Повторив про себя его имя, я вспомнил, что он — младший сын давней знакомой, христианской прачки, которой мы отдали наш дом в Лиссабоне незадолго до побега из этого невежественного города более двадцати лет назад. Я отмахнулся от дальнейших его объяснений, сочтя их ненужными, и проводил юношу на кухню. Мы устроились на скамье подле окна, за которым буйствовали кусты лаванды и мирта. Я осведомился о его матери и с грустью узнал, что не так давно Господь призвал ее к себе. Он говорил о ней печально, но с неизменным восхищением. После мы с удовольствием разделили небольшой графин анатолийского вина, неспешно обсуждая его путь по морю из Португалии и первые восторги в адрес турецкой столицы. Непринужденная обстановка притупила мою бдительность, и я оказался совершенно не готов к тому, что случилось после. Стоило мне спросить, чем я обязан столь приятному визиту, как он выхватил из складок плаща два железных ключа, свисающих с серебряной цепи. Дрожь ужаса пробежала по моему хребту. Но прежде, чем я вновь обрел дар речи, он улыбнулся с тем подобострастием, с которым юноша обычно вручает дар старшему, и вложил ключи в мою ладонь, говоря:

— Если когда-нибудь вы пожелаете вернуться, господин Берекия, дом в Лиссабоне всегда ждет вас.

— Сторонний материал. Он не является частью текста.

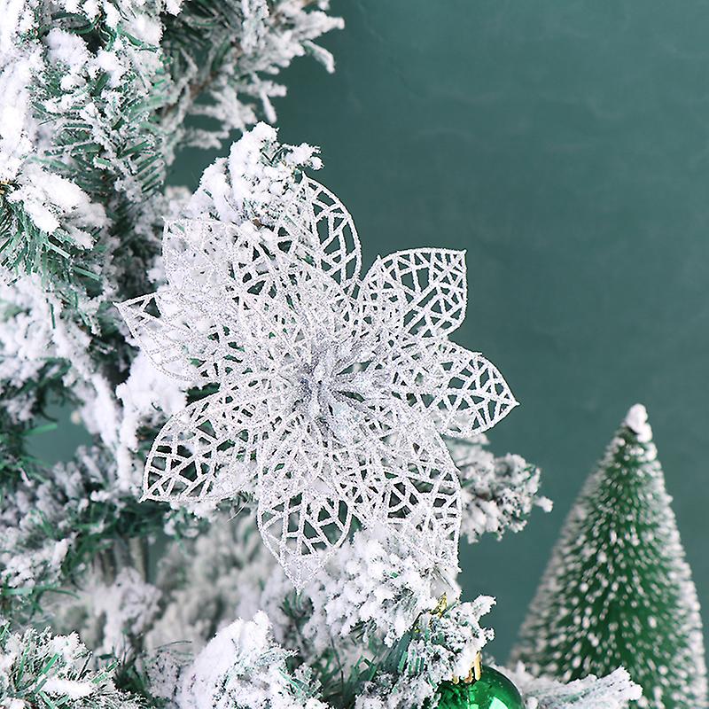 10pcs Artificial Flowers Plastic Glitter Flowers Christmas Tree Ornament Decor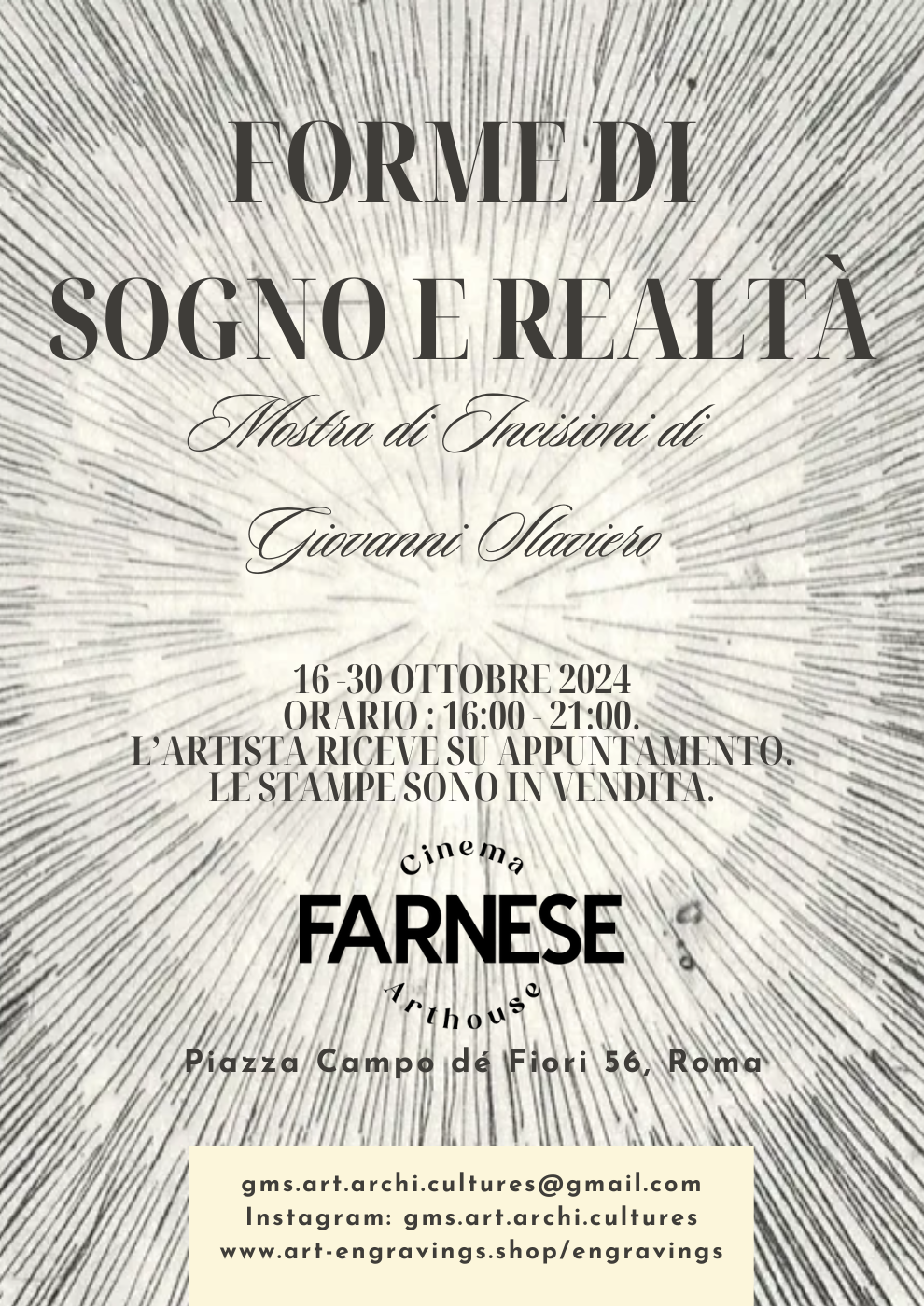 Esposizione personale di 33 incisioni eseguite con tecniche tradizionali, che trattano di vari temi in modo originale tramite un dialogo tra l’ astratto ed il figurativo. L’artista, Giovanni M. Slaviero è un artista emergente di doppia cittadinanza italiana e francese, che vive attualmente a Roma.

Я схватил его за руку, чтобы успокоиться. Сердце мое выстукивало лишь одно слово: «Родина». Бородки ключей стали врезаться в мою ладонь, судорожно сжатую в кулак, я осторожно развел пальцы и наклонился, чтобы вдохнуть запах старого металла. Нахлынувшие разом воспоминания об извилистых улочках и оливковых деревьях вскружили голову. Волоски на руках и загривке встали дыбом. В моей душе открылась дверца, и в нее вошло видение: я стоял перед железными воротами внутреннего дворика позади нашего старого дома в Альфаме, что близ Лиссабона.

Сквозь арку ворот я видел дядю Авраама, моего духовного наставника, стоящего посреди двора. Облаченный в пунцовый дорожный халат из английской шерсти, он собирал плоды с лимонного дерева, довольно мурлыча что-то себе под нос. Его темная, коричного цвета кожа отливала золотом, словно осененная предзакатным сиянием, а встрепанные, серебристые от седины волосы и густые брови делали его похожим на сказочного волшебника.

Почувствовав мое присутствие, он оборвал песню и, обернувшись с широкой улыбкой, не спеша, вразвалочку, как ходил обычно лишь в синагоге, подошел ближе. Он словно обнимал меня взглядом своих теплых, зеленых, широко распахнутых глаз. На ходу, все так же радостно улыбаясь, он принялся развязывать лиловый пояс халата, позволяя одеянию соскользнуть на серые камни дворика. На нем не осталось больше ничего, кроме талиса, покрывающего плечи. Он подходил все ближе, а его тело начало излучать сияние, столь яркое, что у меня заслезились глаза. Едва первая слеза коснулась уголка моих губ, как он заговорил со мной, называя именем старшего моего брата:

— Мордехай! Наконец-то ты почтил вниманием мои молитвы!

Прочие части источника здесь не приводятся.